PIETRO SCAGLIONE
L'abrogazione a furor di popolo della Costituzione cilena (introdotta nel 1980 dal generale Pinochet) è un evento storico non solo per il SudAmerica, ma anche per il resto del mondo. Da 4 giorni il successo del SI al referendum per l'introduzione di una nuova Costituzione è festeggiato a Santiago e in altre città con clacson, trombe, bandiere, fumogeni, come per una vittoria nei Mondiali di calcio.
Il 78% di voti a favore dell'introduzione di una nuova Costituzione in Cile rappresenta una vittoria del popolo, dei giovani, degli studenti, dei lavoratori e delle classi sociali meno abbienti, sia contro i nostalgici della dittatura militare di Pinochet sia contro i sostenitori del liberismo sfrenato e delle privatizzazioni selvagge. Forse per questo motivo, l'establishment delle nazioni occidentali non sembra più di tanto entusiasta e minimizza la portata storica dell'evento.
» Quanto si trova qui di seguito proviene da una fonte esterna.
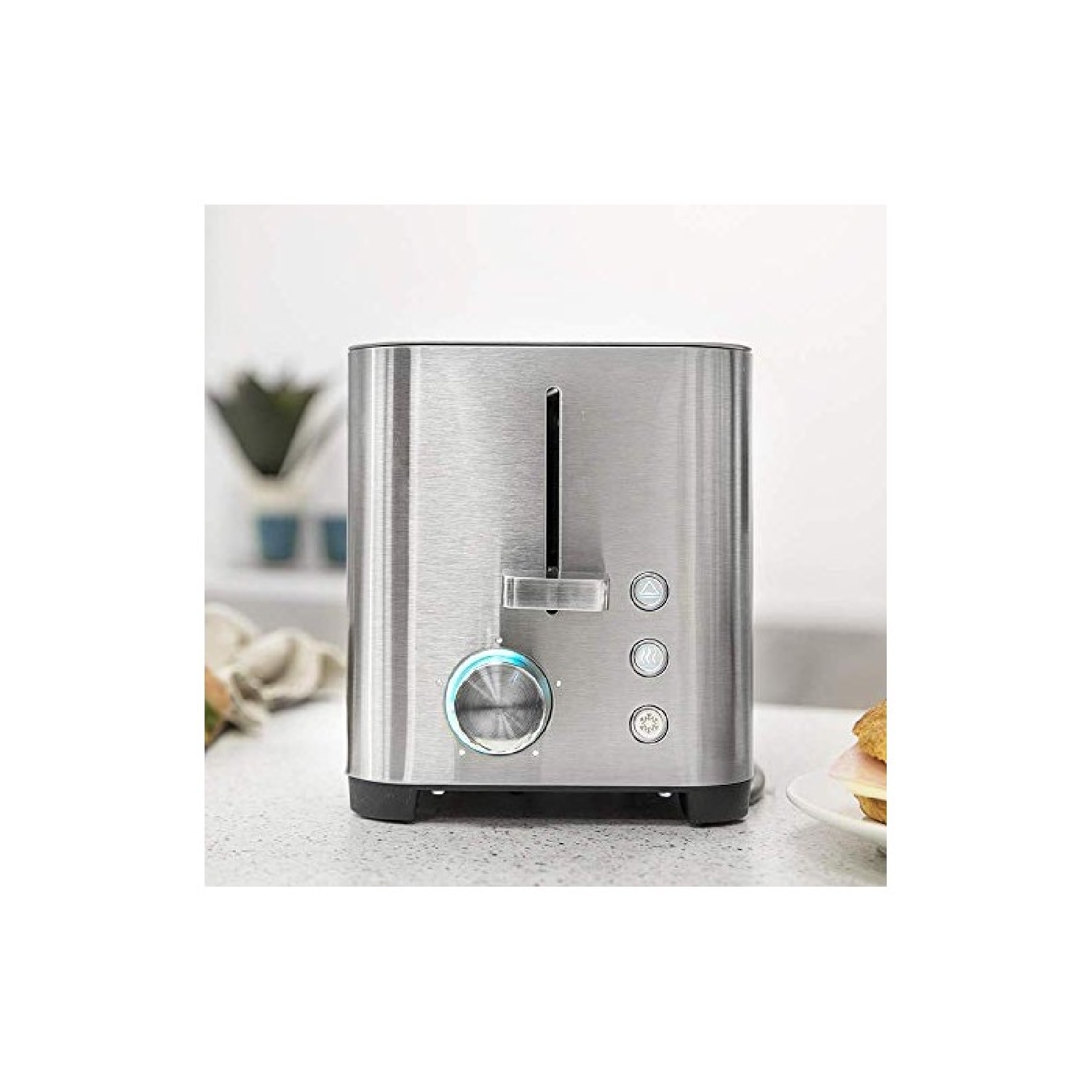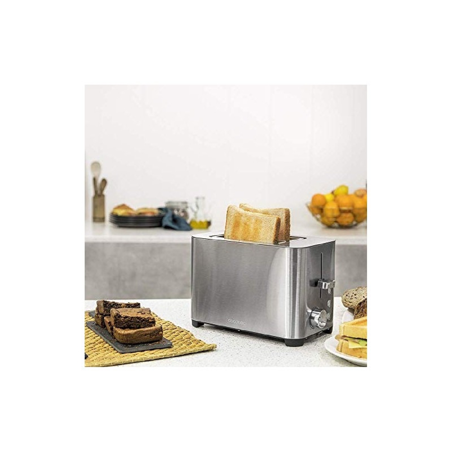 con envĂo gratuitoTostadora de pan de doble ranura corta, 850W de potencia y soporte para panecillos y bollerĂa.

La Costituzione cilena abrogata dal referendum del 25 Ottobre fu approvata nel 1980 dalla giunta militare del generale Augusto Pinochet, che prese il potere 7 anni prima, dopo il golpe dell'11 Settembre 1973, data dell'uccisione del Presidente socialista Salvador Allende. Si trattava di una Costituzione fondata sul liberismo economico più spinto e sulle tesi dei "Chicago Boys", gli economisti Usa che diedero origine alla dottrina economico-sociale chiamata "neoliberismo".
L'oppressivo regime militare di Pinochet fu sconfitto nel 1988 con il Referendum e nel 1989 con le nuove elezioni, accompagnate nelle piazze dalla musica degli Inti Illimani e di altri gruppi andini.
Tuttavia la Costituzione iperliberista rimase intatta. Nell'Ottobre di un anno fa, partendo dalla proteste giovanili contro il governo Piñera per le politiche economiche e per il rincaro dei biglietti della metropolitana, si avviò il percorso per il Referendum che chiedeva una nuova Costituzione e la nascita di un'Assemblea Costituente per riscriverla.